PROMPT: Working from the top of the listing below, retype each line through the line containing "DB官网在线登录入口枪手17", both included, with no pictures.

[Start of Attachment]

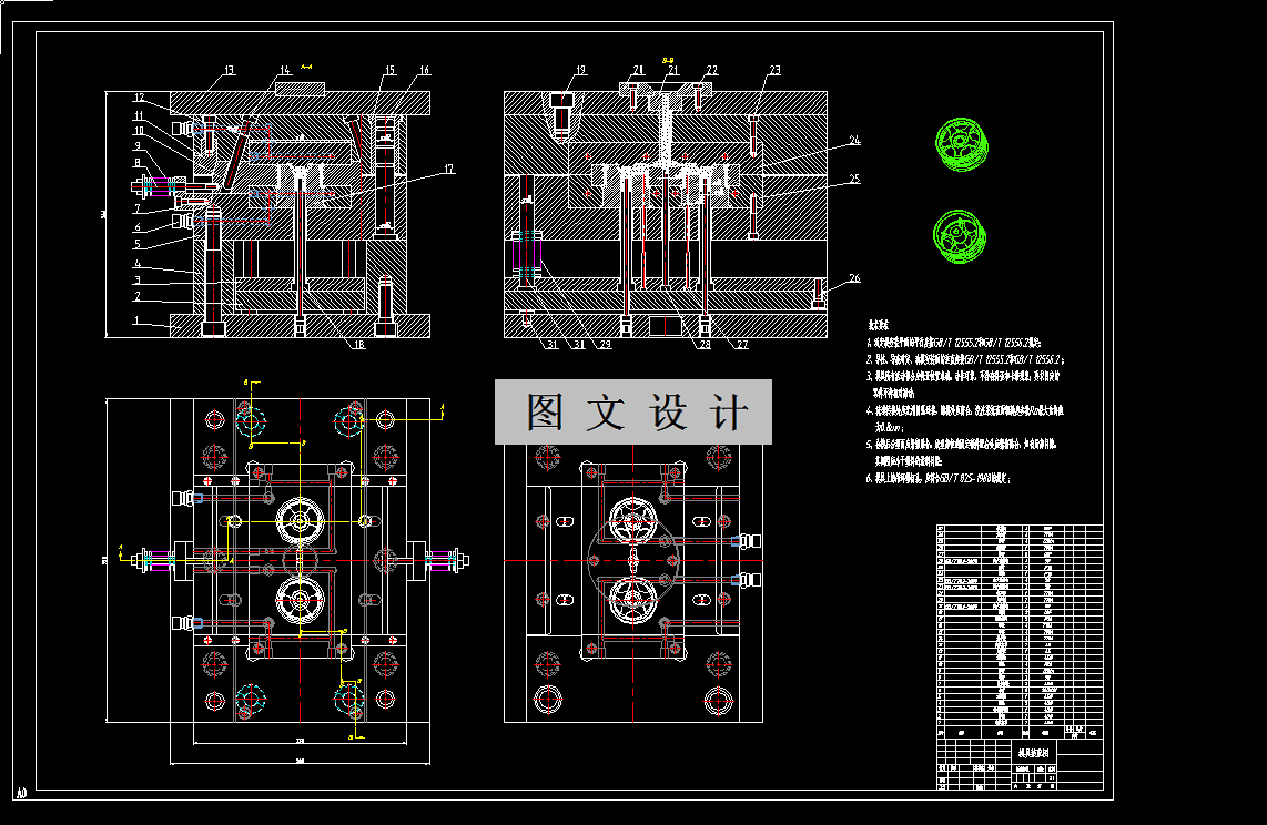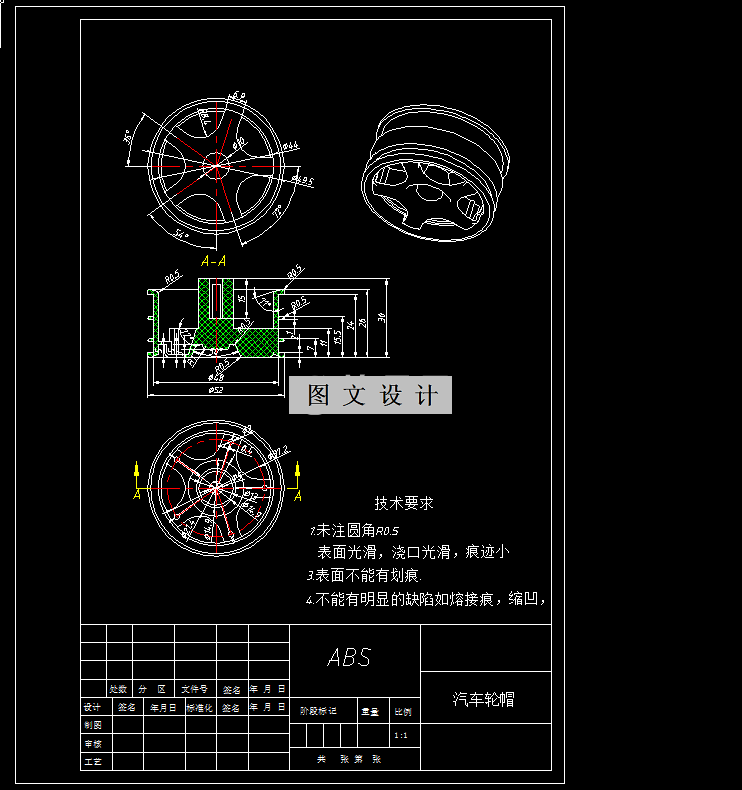 参考资料为玩具车轮帽轮毂注塑模具设计主题。模具为一模两腔,侧浇口,塑件上一圈侧凹结构采用斜导柱抽芯机构成型,产品中部采用推管,周围几条条幅上采用推杆推出,本资料含有产品零件图、模具装配图、模具三维、多张模具零件图
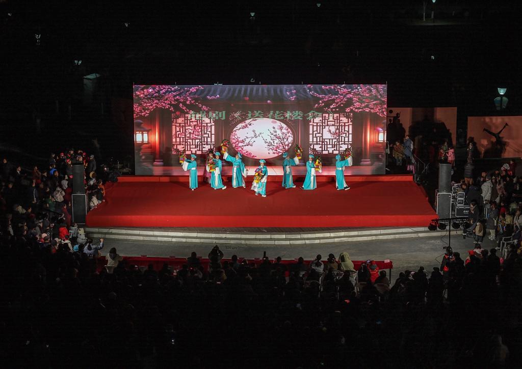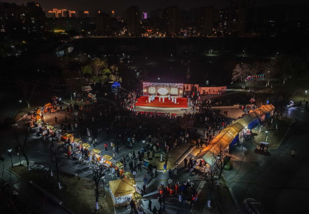 1月23日,文藝愛好者在陶朱街道友誼社區王家湖公園的“我們的村晚”上表演戲曲節目(無人機照片)。
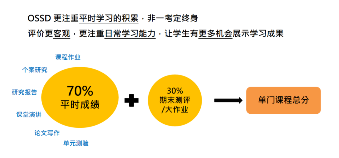 OSSD是采用过 程式评估来 代替标准考试型升学模式,每门课程成绩是按 70%平时成绩+30%期末成绩 ,考试压力小,给予学生更大的发展空间。
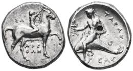 Calabria. Tarentum. Nomos. 302-280 BC. (Vlasto-666). (HN Italy-957 corr.). (Hgc-1, 813). Anv.: Youth on horseback to right, holding reins and crowning horse; ΣA to left, APE-ΘΩN in two lines below. Rev.: Taras riding dolphin to left, holding tripod; TAPAΣ behind, CAΣ below. Ag. 7,90 g. Punch mark on reverse. Almost XF/Choice VF. Est...400,00.
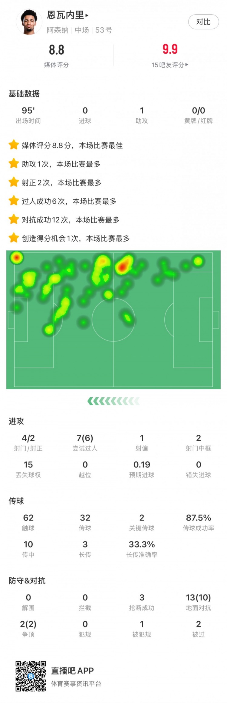 DB官网在线登录入口枪手17岁小将恩瓦内里闪耀全场,送出一次助攻,完成6次过人,有5项数据全场最高。赛后吧友给他打出了9.9分的超高分。
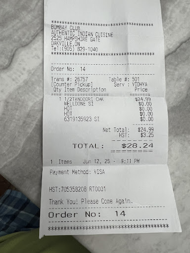 UPDATE Dec 2023: 6 Stars as usual, the map location has been updated long ago after it was reported to Google, all good now. Excellent excellent service and food quality are top-notch. Super friendly staff and cozy atmosphere. Will go back again and again. Butter chicken, Rogan Josh, Bombay Club Platter, Lamb Biryani, Chicken Biryani, Garlic Naan, Jira Rice, Kadhai Chicken, Goat Curry are a few to list. Try their Masala Tea or Filter Coffee to end your dining experience. UPDATE June 2023: 6 Stars if I can give that, Bombay Club Oakville is 5 stars all the way in every aspect. Its location on Google Maps shows wrong. It is, in fact, located at the exact unit where Bombay Bhel used to be. BOMBAY CLUB is 10 times better than any Indian cuisine restaurant I've visited so far. The food was fantastic, authentic, beautifully presented, and most importantly, freshly cooked and fast. Service was friendly, and servers were like they're reading your mind. If there, and you like nonveg food, then try their Bombay Club Platter without fail. Each dish was different and had its own flavour. No doubt, it's one of the best qualities that their Chef knows what they're preparing, none of the dishes tasted the same, which I noticed in most other restaurants because they sometimes taste almost same using similar gravy; at this place however, each dish had their own mouth watering flavours. The ambiance was cozy, seating was perfect, and this place is well connected, ample parking around. Thank you, Bombay Club, for making my Father's Day lunch with my family memorable. We will sure visit again and again. Keep up the good work and wish you all...
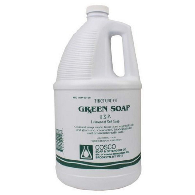 Cosco pure green soap 1 gallon Cosco green soap is the most trusted sanitation product in the tattoo industry today. Used to prep skin pre-tattoo, for stencil application, and even post-tattoo cleansing, green soap should be found in any professional tattoo shop. Green soap is made with natural vegetable oils, lavender, is biodegradable, and environmentally safe and made in the USA. This concentrated solution should be diluted before use. Made in the USA 1 gallon (128oz) bottle use for stencil application pure concentrated green soap mix 4 parts water to one part green soap concentrate.
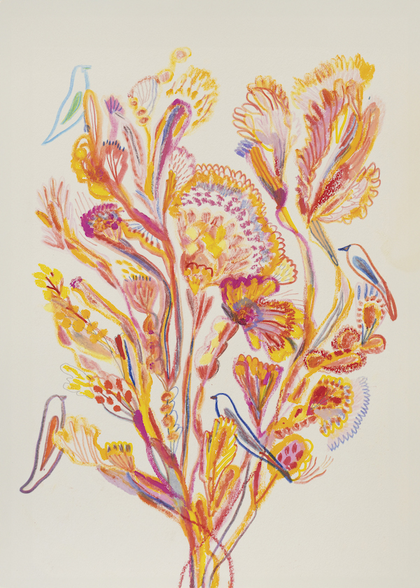 使用粉蠟筆為創作工具,勾勒出一幅幅繽紛細膩的作品。
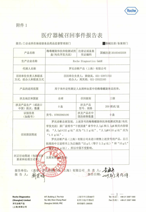 罗氏诊断产品(上海)有限公司报告,由于涉及产品可能存在说明书内容错误问题,生产商Roche Diagnostics GmbH对梅毒螺旋体抗体检测试剂盒(电化学发光法)(注册证编号:国械注进20183402558)主动召回。召回级别为三级。涉及产品的型号、规格及批次等详细信息见《医疗器械召回事件报告表》。
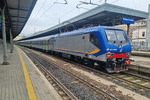 Trenitalia DPR Veneto single cab Electric loco E.464-662 (NVR Nr. 91 83 2464 662-2 I-TI) in DPR color scheme with a consist of MDVE Coaches ready to operate regional servic eto Brennero from Bologna Centrale Station. 27/03/2025.
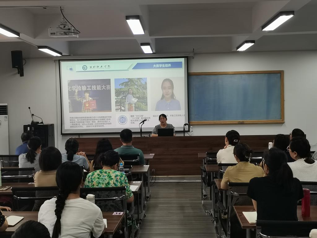 随后,来自化学工程beplay(中国)的国家级技能大赛一等奖指导教师——邹芳老师开启第一讲,她从赛项情况、指导教师团队建设、学生选拔与培养以及总结反思四方面作专题交流。该院国家级在线开放课程——《外贸基础—函电与单证》主要成员徐小珺老师从为什么建设开放课程、怎样建设开放课程以及课程建设的反思三方面进行经验分享。两位老师的无私分享为该院技能大赛指导和课程建设指出了改进的方向,拓展了思路。

[End of Attachment]

RESPONSE TO THIS EXERCISE:
 参考资料为玩具车轮帽轮毂注塑模具设计主题。模具为一模两腔,侧浇口,塑件上一圈侧凹结构采用斜导柱抽芯机构成型,产品中部采用推管,周围几条条幅上采用推杆推出,本资料含有产品零件图、模具装配图、模具三维、多张模具零件图
 1月23日,文藝愛好者在陶朱街道友誼社區王家湖公園的“我們的村晚”上表演戲曲節目(無人機照片)。
 OSSD是采用过 程式评估来 代替标准考试型升学模式,每门课程成绩是按 70%平时成绩+30%期末成绩 ,考试压力小,给予学生更大的发展空间。
 Calabria. Tarentum. Nomos. 302-280 BC. (Vlasto-666). (HN Italy-957 corr.). (Hgc-1, 813). Anv.: Youth on horseback to right, holding reins and crowning horse; ΣA to left, APE-ΘΩN in two lines below. Rev.: Taras riding dolphin to left, holding tripod; TAPAΣ behind, CAΣ below. Ag. 7,90 g. Punch mark on reverse. Almost XF/Choice VF. Est...400,00.
 DB官网在线登录入口枪手17岁小将恩瓦内里闪耀全场,送出一次助攻,完成6次过人,有5项数据全场最高。赛后吧友给他打出了9.9分的超高分。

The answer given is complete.